ANN ARBOR, Mich.– In an effort to develop more technologies that improve health care, the University of Michigan will established a Joint Department of Biomedical Engineering (BME) with footholds in its top-ranked College of Engineering and Medical School, in an action approved by the U-M Board of Regents today. The change takes effect Sept. 1, 2012.

The department is currently housed in engineering, though its researchers regularly collaborate with medical doctors and a number of Medical School faculty hold joint appointments there. The change in academic structure is designed to bring biomedical engineering researchers closer to the patients their technologies aim to benefit, say leaders in both schools.

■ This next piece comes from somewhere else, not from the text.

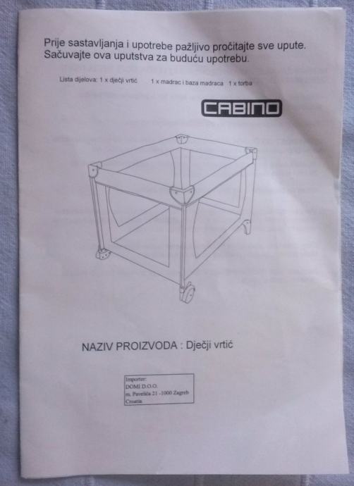 Putni krevetić CABINO sa dodatnim odgovarajućim madracem. Iznimno praktičan. Vrlo jednostavno sastavljanje (u roku od nekoliko minuta). Ima bočni džepić za lakši ulaz djeteta u krevetić.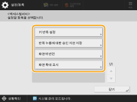 기기가 시작될 때 사용자가 로그인을 하도록 구성된다면(로그인 화면 표시 시점 지정하기), <기동/복구후 표시화면>은 <개인 설정>의 항목으로 표시됩니다. 기기가 시작된 후 표시되는 화면은 각 사용자를 위해 설정될 수 있습니다.

“As engineers, one of our goals is to invent and develop technologies that make a difference in society,” said Douglas Noll, the Ann and Robert H. Lurie Professor of Biomedical Engineering and current department chair. “By linking ourselves in the Medical School, we will establish closer connections for our faculty and students to practicing clinicians and the health care system, which will allow us to better identify and translate our discoveries to medical care and to offer new educational opportunities for our students.”

As part of this plan, BME will expand over the next five years from approximately 20 primary faculty members to 35 Most of the new hires will be Medical School appointments. The department will retain its space on North Campus in engineering and in the North Campus Research Complex. It will also open a space at the Medical School in the future. Already at the NCRC, a new biointerfaces laboratory has opened that allows medical, engineering and physics researchers to collaborate on projects.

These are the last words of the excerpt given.